The treatment of achalasia can be multidisciplinary. Endoscopic surveillance and exclusion of malignancy or mechanical obstruction are important. Injection of botulin toxin into the lower esophageal sphincter has been shown to provide relief, although this relief is temporary, and repeated injections may further complicate later definitive therapy. Botox injection for the treatment of achalasia should only be considered as a temporizing measure or as palliative therapy in selected patients. Pneumatic dilatation of the lower esophageal sphincter with a 3- or 4-cm balloon can be considered. This should be done under fluoroscopic guidance, and reports have demonstrated reasonable success rates, especially when combined with salvage therapy or recurrent dilatation. Despite these successes, surgical intervention remains the first-line therapy for most patients and is associated with good outcomes. Peroral endoscopic myotomy is an emerging therapy that allows for division of the circular muscle fibers alone via a transoral–transmucosal route and is under evaluation.

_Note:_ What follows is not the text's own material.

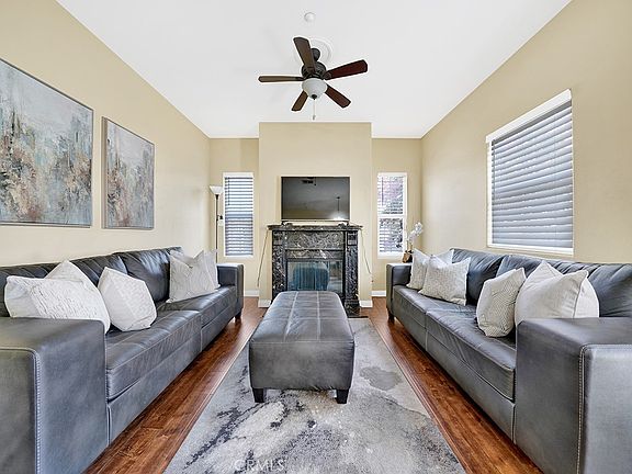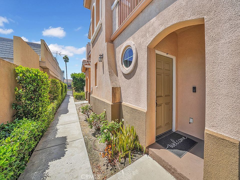 Nestled in the heart of vibrant city life, this very rare, end unit, single story home invites you to experience the epitome of modern living. No one is above you, below you, or on your left hand side. Built in 2006, this utterly gorgeous and highly upgraded home has granite countertops, stainless steel appliances, elegant laminate flooring throughout the house and remodeled bathrooms... even has a relaxing balcony of the living room. Beautiful kitchen has hardwood cabinetry, 1.5-year-old dishwasher, 1 year old microwave and garbage disposal and four burner Kenmore range... even has a side-by-side stainless steel refrigerator as well as three-seater breakfast bar. Formal dining room opening to a spacious and open living room with lighted ceiling fan and beautiful marble fireplace. Master bedroom is massive and master bath is totally upgraded with newer fixtures, dual sinks, granite countertops, medicine cabinet and shower over tub. Both bedrooms have mirrored wardrobe sliders, six panel doors throughout, dual pane vinyl windows, and rounded doorways! Hallway bath has granite counters, beautiful wood cabinetry, upgraded fixtures, a second " shower over tub", all with clean tile flooring. The master & hallway bath and kitchen cabinets have been updated in colors. One car attached garage with direct access with an oversized water heater and built-in storage racks. stay comfortable year-round with nice central AC and heater. Quiet and peaceful end unit in the back corner. Pride of ownership shows throughout the home. HOA has a beautiful pool in the center of the complex was built only 18 years ago. Hard to find newer condos with nice finishes in a nice neighborhood with low HOA dues. With Disneyland and Downtown Fullerton within a 10-minute drive and easy access to major freeways, this home offers a perfect blend of convenience and luxury living. A must see! Hurry up! Don't miss this exceptional opportunity to make this home yours.
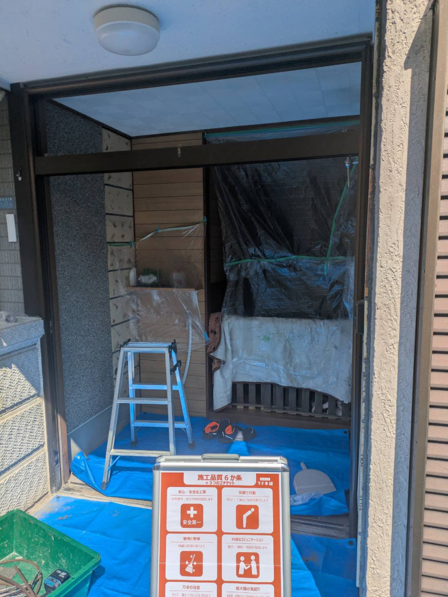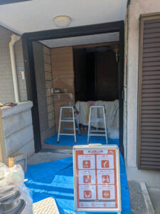ドア枠まわりの外壁を傷つける事がなく施工ができるので工事内容も少なく、お値打ちになります。

Patients should be screened for other medical conditions. In addition, careful attention should be paid to the risk of pulmonary disease because chronic aspiration maybe a significant factor. Malnutrition likewise should be addressed. When a dilated esophagus is seen or a chronic disease is suspected, careful preparation of the esophagus should be undertaken. Many patients require a liquid-only diet for several days prior to surgery to allow most of the solid contents of the esophagus to be gone at the time of induction of anesthesia and operative intervention. In planning the operative approach, the two standard approaches have been the left chest or through the abdomen. After extensive experience with laparoscopic exposure and laparoscopic manipulation of the gastroesophageal junction, the preferred method is now a transabdominal laparoscopic Heller myotomy.


Patients are given a general anesthetic with careful attention to prevent aspiration on induction.

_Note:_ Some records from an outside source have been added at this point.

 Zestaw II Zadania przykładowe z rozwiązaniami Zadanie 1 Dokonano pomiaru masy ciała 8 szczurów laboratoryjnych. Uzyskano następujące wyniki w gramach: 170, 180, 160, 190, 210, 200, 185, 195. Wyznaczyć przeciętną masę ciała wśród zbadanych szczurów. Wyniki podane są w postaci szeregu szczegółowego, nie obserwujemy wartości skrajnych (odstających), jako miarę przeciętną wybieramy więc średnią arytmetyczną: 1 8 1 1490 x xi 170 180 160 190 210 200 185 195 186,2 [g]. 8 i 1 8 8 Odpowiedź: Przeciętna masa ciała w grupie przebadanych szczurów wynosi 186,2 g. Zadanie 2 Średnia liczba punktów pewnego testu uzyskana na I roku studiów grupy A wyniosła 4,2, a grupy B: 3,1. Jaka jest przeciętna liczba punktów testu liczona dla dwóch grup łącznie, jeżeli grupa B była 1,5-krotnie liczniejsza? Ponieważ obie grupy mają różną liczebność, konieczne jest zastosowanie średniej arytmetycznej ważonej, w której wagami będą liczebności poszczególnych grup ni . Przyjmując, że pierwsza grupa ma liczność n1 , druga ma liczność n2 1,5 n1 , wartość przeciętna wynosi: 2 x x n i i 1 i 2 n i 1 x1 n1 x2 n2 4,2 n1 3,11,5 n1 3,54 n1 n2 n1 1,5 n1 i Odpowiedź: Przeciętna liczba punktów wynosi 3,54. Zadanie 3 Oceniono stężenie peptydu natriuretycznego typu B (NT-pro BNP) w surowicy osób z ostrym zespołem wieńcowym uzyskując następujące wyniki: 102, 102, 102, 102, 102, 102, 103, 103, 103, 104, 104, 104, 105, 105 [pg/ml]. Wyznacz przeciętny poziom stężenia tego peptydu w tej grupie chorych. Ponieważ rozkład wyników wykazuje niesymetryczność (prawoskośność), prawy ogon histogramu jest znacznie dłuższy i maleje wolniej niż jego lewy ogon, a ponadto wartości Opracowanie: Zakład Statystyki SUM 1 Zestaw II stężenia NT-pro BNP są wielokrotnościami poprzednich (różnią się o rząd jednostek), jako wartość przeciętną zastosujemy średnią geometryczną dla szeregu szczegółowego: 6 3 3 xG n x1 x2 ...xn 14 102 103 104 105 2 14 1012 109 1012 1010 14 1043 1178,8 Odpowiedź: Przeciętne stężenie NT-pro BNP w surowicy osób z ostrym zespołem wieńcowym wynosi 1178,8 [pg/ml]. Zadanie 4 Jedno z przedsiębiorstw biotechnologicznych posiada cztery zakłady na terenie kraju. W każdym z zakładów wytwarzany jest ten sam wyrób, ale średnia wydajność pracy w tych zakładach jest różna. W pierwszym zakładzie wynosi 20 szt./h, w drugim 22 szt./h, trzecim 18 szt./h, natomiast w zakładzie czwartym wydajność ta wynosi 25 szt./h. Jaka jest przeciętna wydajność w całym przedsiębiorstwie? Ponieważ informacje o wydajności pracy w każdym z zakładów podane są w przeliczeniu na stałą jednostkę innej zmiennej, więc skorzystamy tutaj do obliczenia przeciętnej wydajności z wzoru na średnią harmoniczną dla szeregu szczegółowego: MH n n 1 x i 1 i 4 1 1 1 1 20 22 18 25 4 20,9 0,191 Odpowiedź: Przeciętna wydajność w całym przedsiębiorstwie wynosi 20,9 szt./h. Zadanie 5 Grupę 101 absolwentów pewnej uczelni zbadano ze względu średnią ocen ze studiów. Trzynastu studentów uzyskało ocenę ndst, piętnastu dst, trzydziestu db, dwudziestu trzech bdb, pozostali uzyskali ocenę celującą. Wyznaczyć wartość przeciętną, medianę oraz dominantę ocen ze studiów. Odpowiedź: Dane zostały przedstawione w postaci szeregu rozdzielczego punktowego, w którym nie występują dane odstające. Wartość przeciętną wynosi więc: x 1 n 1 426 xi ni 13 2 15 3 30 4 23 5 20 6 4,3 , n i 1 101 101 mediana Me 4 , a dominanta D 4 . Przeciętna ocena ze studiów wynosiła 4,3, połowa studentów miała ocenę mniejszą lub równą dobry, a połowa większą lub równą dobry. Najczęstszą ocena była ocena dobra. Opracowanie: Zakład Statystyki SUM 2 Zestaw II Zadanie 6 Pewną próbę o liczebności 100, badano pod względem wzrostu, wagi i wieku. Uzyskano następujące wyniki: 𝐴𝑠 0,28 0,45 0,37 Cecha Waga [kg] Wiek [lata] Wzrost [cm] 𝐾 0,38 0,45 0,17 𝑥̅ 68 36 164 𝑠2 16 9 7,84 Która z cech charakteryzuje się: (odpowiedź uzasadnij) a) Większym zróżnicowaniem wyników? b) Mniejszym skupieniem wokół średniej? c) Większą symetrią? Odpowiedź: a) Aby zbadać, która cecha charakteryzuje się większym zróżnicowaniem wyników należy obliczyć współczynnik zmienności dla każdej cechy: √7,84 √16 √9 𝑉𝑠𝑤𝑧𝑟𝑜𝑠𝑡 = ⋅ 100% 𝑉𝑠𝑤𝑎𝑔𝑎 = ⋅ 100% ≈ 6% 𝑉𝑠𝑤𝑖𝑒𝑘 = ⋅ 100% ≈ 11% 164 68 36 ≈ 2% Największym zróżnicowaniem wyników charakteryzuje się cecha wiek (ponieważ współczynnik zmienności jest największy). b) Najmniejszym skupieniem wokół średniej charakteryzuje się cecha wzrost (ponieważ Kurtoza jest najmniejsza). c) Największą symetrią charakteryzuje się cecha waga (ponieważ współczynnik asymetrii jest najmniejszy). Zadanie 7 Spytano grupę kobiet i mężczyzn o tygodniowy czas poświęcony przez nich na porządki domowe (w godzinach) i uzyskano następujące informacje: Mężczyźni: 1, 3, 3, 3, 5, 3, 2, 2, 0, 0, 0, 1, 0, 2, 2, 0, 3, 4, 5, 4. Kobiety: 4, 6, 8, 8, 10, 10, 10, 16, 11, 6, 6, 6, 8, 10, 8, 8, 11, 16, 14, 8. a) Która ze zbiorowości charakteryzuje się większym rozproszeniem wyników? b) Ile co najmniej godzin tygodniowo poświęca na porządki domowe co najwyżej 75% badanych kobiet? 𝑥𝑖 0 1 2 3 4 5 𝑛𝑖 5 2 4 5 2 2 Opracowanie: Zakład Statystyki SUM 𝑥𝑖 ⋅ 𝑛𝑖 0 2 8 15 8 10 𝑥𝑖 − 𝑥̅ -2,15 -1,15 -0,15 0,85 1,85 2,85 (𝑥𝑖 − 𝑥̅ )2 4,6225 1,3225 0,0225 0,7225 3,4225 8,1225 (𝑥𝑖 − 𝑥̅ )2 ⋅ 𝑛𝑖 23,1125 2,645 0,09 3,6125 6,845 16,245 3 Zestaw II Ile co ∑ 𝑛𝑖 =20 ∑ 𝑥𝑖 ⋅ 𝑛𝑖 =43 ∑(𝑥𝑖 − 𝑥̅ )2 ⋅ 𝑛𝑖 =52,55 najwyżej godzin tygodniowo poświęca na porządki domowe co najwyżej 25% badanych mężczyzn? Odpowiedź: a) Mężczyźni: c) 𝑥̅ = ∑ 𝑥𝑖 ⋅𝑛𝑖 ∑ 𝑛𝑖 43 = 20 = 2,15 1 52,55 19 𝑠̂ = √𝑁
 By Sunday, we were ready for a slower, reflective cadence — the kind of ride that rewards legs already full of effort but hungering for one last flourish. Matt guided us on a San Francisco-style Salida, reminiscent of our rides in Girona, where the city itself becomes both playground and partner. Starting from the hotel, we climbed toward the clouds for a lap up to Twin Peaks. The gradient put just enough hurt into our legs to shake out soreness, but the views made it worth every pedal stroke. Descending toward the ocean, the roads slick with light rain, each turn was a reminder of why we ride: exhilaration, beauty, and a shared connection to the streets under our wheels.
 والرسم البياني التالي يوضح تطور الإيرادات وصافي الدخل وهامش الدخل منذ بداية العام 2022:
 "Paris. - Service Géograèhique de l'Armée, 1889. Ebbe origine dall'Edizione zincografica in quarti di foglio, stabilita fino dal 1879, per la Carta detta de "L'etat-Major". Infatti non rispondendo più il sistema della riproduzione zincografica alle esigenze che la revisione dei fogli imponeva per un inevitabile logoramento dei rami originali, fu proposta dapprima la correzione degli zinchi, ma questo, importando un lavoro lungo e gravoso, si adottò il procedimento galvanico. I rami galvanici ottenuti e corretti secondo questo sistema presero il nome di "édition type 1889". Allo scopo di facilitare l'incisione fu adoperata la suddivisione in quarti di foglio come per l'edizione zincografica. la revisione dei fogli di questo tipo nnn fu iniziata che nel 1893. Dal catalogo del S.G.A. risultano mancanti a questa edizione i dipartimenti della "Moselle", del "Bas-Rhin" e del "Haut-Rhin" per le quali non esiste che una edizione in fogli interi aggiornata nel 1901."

Patients are placed in a supine position and can be in a leg split position with the arms extended or tucked at the sides. The operating surgeon can then stand between the patient's leg with an assistant on each side.


The patient is kept at noting by mouth after midnight. Standard prophylactic antibiotics are administered within 1 hour of the incision. Prophylaxis for thromboembolism is administered. Then a time-out is performed.


Variable trocar positioning can be used, ...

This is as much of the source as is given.